REQUIRED WORK
Return the stretch from the line with "Jon Langston, left, performs" through the line with "这位资深阿宅是桌游部的部长,因为天生银发" in the data below, character for character, skipping all pictures.

─── RECORDS FOR THE TASK

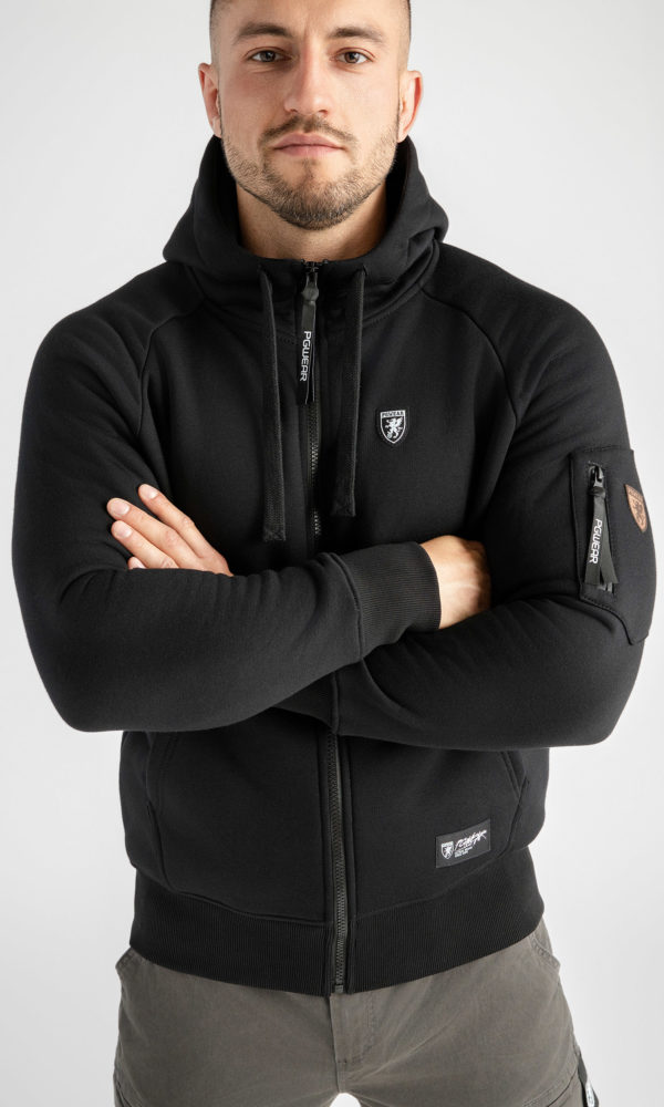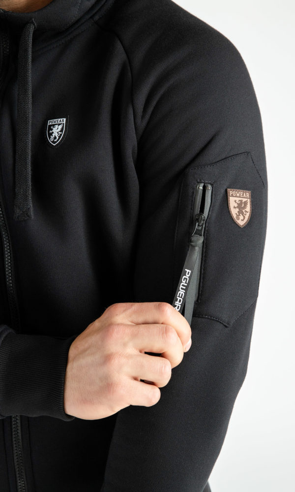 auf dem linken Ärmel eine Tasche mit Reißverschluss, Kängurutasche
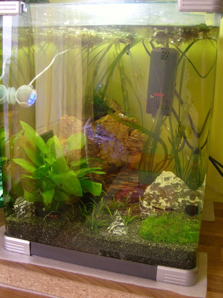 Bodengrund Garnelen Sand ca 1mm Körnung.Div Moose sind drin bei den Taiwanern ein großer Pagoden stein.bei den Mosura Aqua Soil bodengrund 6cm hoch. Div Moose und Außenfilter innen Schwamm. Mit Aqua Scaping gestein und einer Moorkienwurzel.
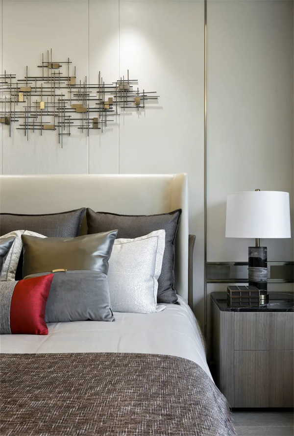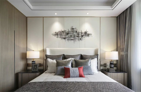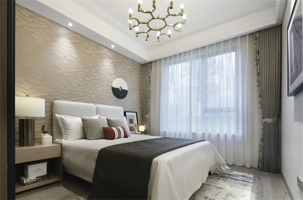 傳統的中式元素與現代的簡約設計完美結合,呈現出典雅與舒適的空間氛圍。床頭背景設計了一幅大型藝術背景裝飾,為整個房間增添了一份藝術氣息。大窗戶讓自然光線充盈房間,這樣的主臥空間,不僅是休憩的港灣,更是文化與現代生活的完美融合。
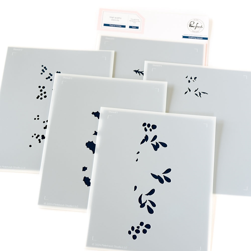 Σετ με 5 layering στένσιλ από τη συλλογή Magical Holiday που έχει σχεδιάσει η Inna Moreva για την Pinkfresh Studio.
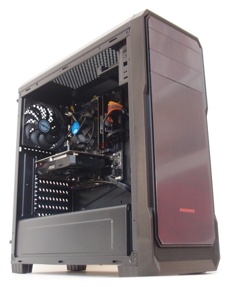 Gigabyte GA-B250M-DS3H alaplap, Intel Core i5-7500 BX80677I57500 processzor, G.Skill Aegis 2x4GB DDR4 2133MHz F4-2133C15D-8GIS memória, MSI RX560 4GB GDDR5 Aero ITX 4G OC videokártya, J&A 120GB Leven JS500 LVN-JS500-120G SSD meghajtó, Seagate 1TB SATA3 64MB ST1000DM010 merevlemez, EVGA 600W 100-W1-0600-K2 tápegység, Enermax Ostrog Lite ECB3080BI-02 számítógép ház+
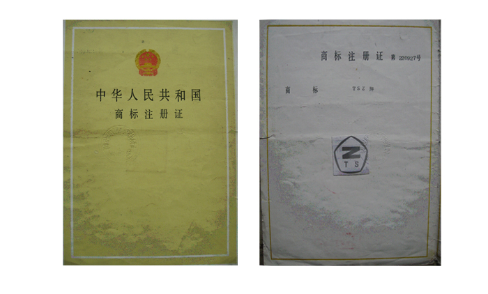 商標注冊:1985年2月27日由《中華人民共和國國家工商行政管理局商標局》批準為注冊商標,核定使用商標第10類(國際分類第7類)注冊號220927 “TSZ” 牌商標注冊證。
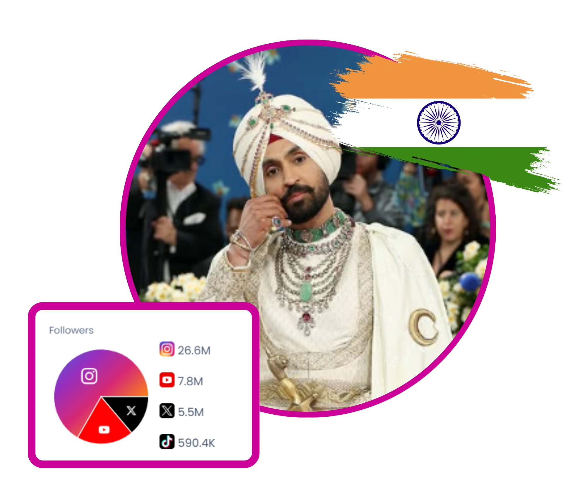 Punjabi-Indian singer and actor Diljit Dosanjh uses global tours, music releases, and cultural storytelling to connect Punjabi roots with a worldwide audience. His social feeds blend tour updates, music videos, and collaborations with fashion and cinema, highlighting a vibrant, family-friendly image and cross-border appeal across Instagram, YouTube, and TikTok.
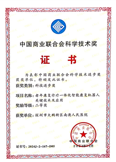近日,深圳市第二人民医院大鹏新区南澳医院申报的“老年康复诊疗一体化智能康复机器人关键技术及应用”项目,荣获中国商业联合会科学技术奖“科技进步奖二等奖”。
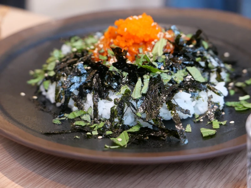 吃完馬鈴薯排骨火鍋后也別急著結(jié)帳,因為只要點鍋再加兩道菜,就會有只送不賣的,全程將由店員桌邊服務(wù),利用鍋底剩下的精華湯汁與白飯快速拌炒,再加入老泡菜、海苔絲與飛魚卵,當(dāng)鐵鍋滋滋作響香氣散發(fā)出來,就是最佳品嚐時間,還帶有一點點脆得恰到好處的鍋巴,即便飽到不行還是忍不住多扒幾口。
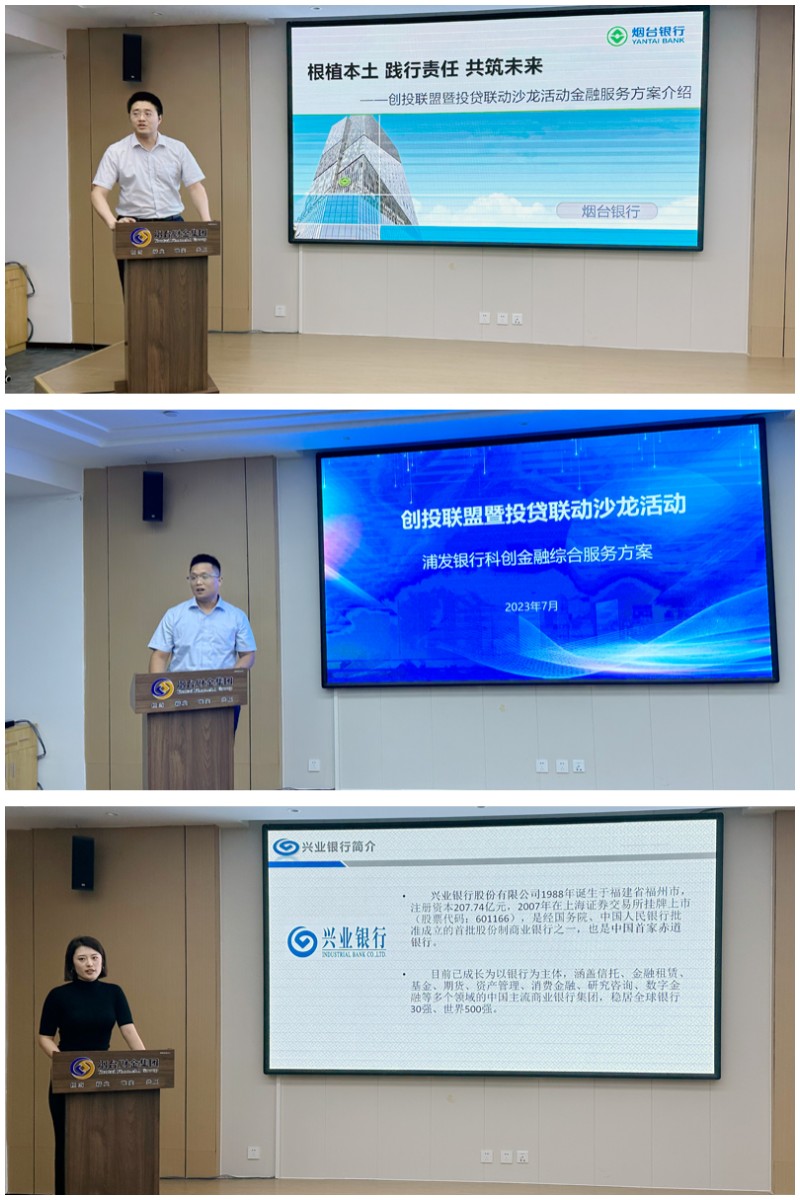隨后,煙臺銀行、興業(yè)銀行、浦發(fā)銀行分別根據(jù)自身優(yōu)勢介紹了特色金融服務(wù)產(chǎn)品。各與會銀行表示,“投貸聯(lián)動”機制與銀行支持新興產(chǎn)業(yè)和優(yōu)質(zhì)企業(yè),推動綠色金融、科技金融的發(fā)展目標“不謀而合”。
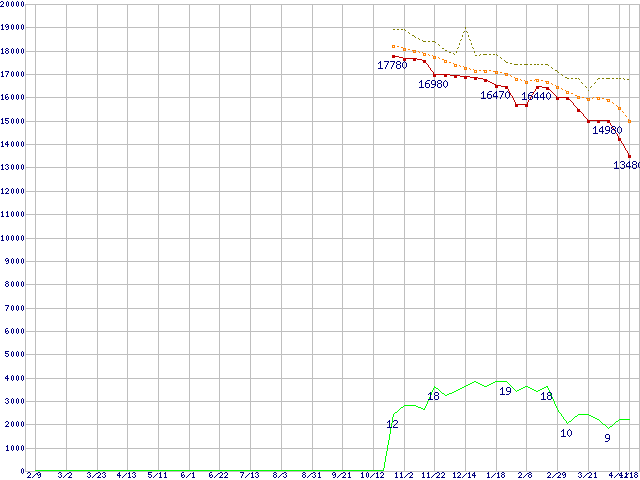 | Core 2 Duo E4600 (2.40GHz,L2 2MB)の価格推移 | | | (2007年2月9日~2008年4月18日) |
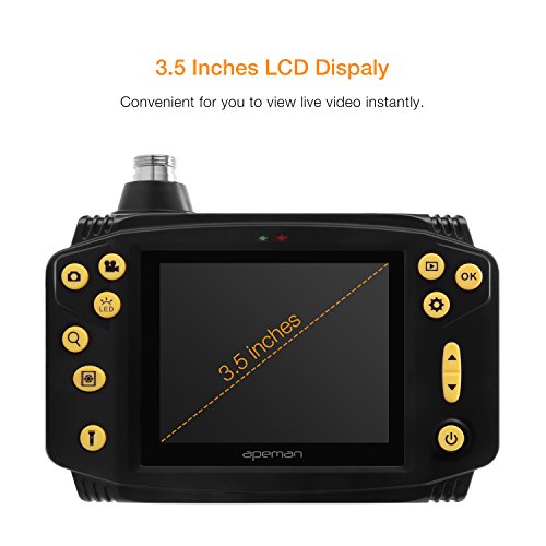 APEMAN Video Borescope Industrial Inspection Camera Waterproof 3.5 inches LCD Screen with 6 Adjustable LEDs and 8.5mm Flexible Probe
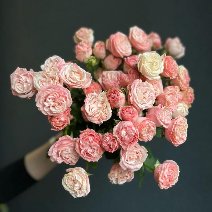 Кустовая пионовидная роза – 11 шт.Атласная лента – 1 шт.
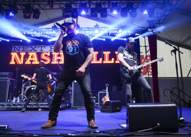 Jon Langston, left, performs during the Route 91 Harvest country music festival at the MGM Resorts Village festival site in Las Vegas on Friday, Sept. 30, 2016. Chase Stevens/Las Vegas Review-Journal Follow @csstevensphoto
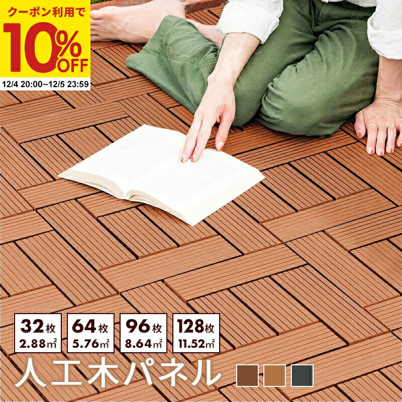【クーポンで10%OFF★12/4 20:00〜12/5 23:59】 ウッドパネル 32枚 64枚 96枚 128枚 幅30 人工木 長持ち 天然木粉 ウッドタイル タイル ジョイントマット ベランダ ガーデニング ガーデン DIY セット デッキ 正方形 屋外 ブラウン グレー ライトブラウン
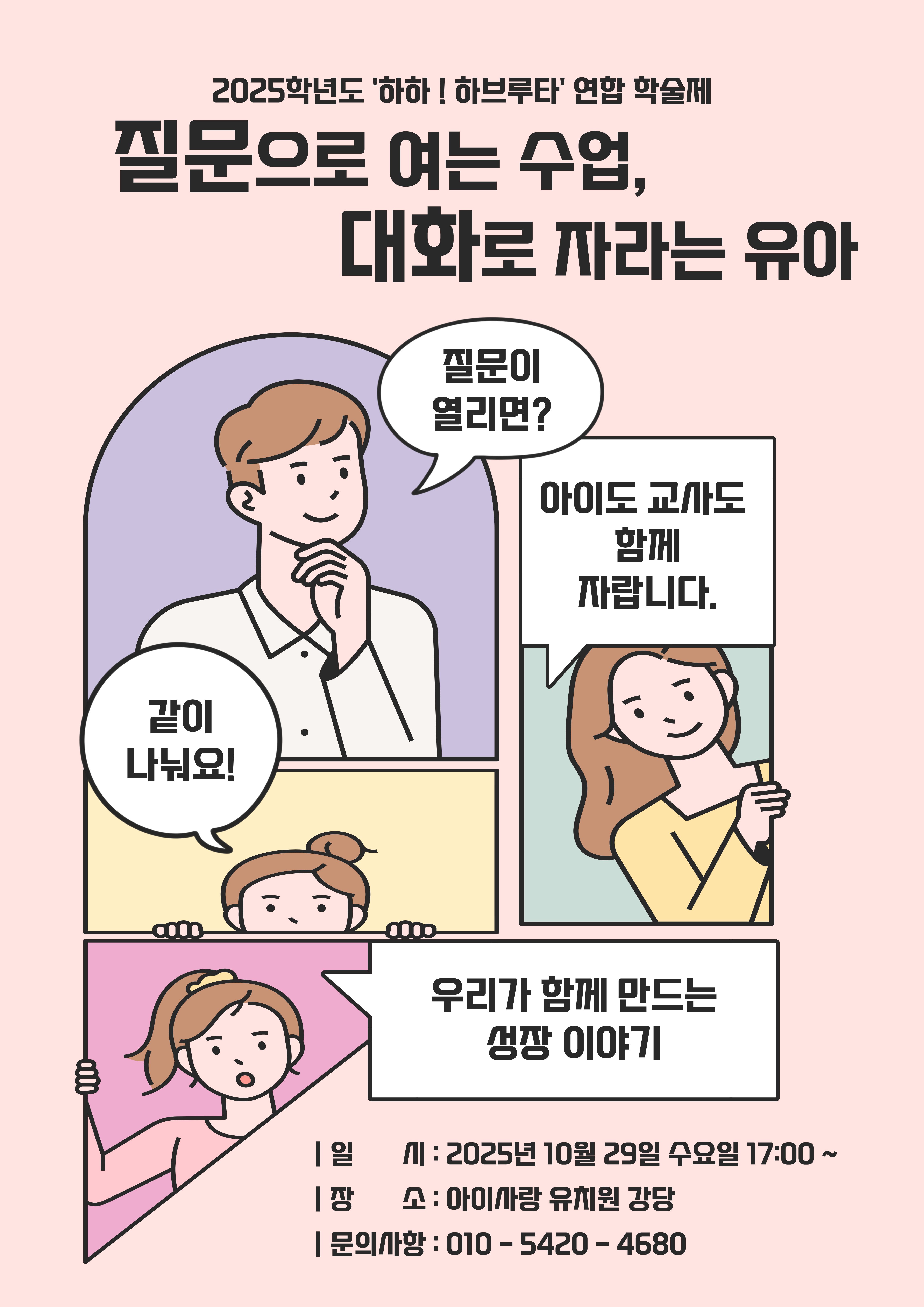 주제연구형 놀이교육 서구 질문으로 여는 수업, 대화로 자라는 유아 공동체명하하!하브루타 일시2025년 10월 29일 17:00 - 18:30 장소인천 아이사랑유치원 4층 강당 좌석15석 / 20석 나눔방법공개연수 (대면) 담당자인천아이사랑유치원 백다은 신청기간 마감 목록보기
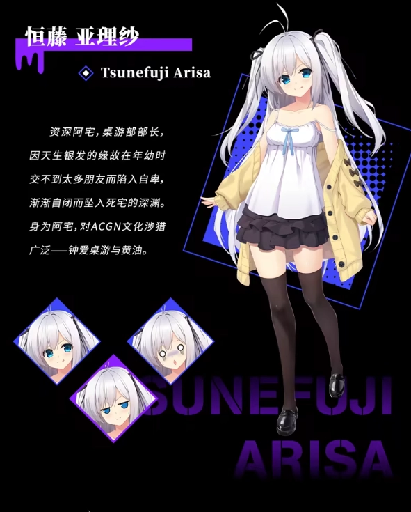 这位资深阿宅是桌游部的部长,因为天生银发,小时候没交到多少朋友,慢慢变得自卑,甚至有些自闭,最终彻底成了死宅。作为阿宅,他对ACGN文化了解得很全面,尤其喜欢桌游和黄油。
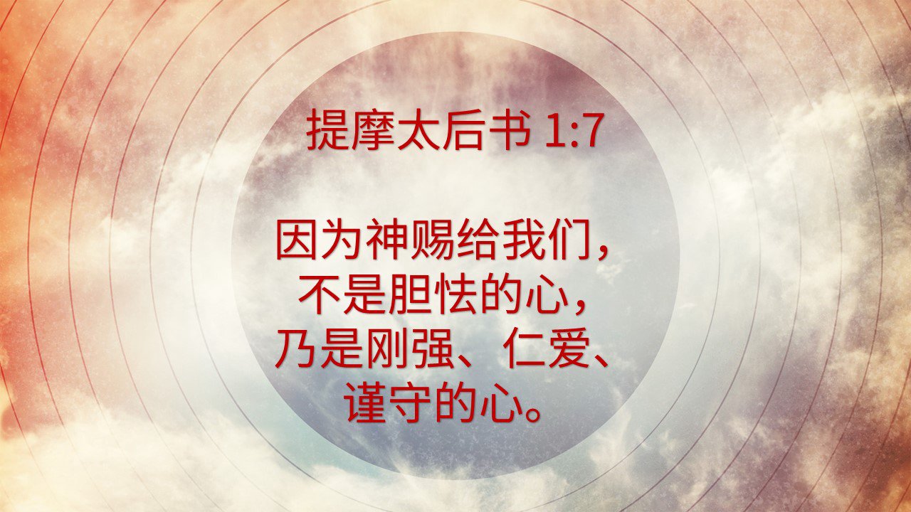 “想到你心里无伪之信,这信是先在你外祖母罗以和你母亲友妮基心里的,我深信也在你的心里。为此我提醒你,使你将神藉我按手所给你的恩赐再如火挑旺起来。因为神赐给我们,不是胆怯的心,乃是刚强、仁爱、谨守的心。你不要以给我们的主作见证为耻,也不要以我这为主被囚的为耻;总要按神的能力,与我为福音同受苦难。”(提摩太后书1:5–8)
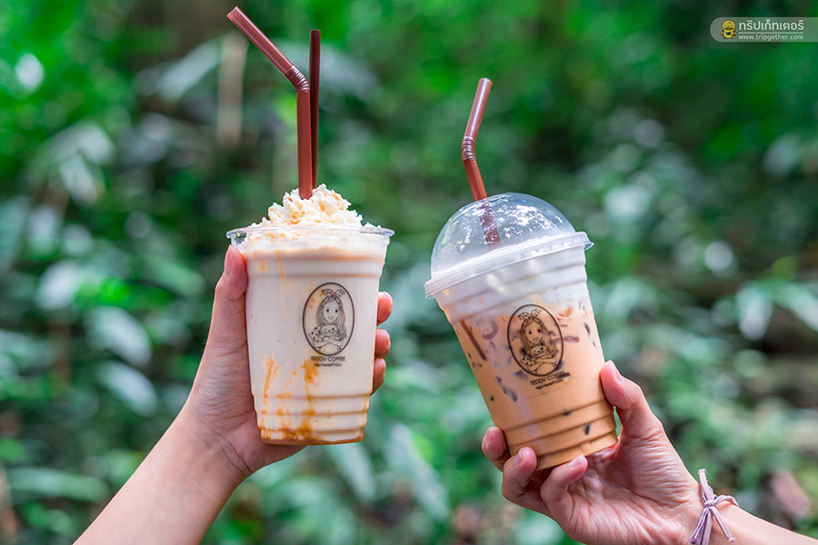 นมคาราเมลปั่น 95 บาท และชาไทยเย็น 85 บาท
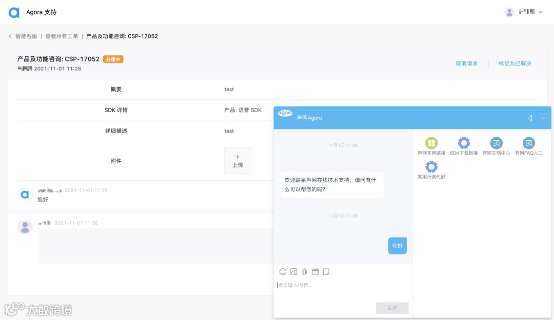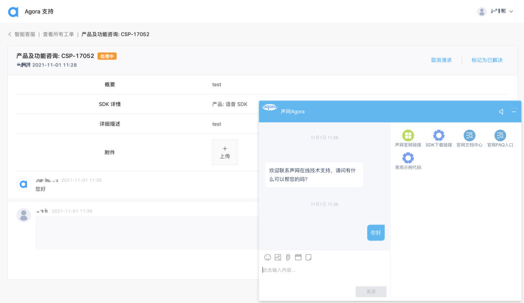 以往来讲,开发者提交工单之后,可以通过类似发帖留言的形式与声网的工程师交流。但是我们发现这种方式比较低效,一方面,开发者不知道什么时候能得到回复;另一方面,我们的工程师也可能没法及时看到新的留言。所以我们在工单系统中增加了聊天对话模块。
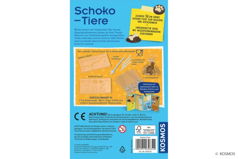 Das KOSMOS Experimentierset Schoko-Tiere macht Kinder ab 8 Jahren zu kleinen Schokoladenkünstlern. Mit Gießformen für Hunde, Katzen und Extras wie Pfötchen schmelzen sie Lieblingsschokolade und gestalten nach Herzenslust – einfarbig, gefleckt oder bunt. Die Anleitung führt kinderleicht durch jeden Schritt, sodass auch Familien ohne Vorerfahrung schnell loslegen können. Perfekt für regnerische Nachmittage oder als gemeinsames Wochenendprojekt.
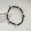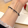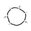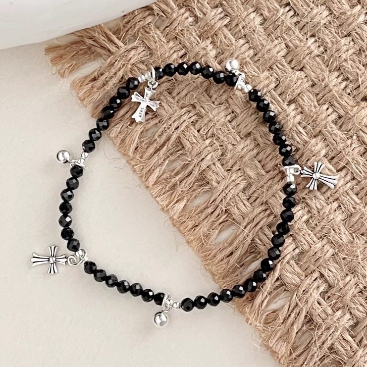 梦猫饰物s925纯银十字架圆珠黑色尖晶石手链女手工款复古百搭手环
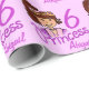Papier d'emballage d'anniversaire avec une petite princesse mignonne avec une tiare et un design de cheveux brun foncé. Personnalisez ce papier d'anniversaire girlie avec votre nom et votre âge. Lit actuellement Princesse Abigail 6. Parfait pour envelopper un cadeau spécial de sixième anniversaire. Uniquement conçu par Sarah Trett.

──────

RESPONSE TO THE TASK
 Jon Langston, left, performs during the Route 91 Harvest country music festival at the MGM Resorts Village festival site in Las Vegas on Friday, Sept. 30, 2016. Chase Stevens/Las Vegas Review-Journal Follow @csstevensphoto
【クーポンで10%OFF★12/4 20:00〜12/5 23:59】 ウッドパネル 32枚 64枚 96枚 128枚 幅30 人工木 長持ち 天然木粉 ウッドタイル タイル ジョイントマット ベランダ ガーデニング ガーデン DIY セット デッキ 正方形 屋外 ブラウン グレー ライトブラウン
 주제연구형 놀이교육 서구 질문으로 여는 수업, 대화로 자라는 유아 공동체명하하!하브루타 일시2025년 10월 29일 17:00 - 18:30 장소인천 아이사랑유치원 4층 강당 좌석15석 / 20석 나눔방법공개연수 (대면) 담당자인천아이사랑유치원 백다은 신청기간 마감 목록보기
 这位资深阿宅是桌游部的部长,因为天生银发,小时候没交到多少朋友,慢慢变得自卑,甚至有些自闭,最终彻底成了死宅。作为阿宅,他对ACGN文化了解得很全面,尤其喜欢桌游和黄油。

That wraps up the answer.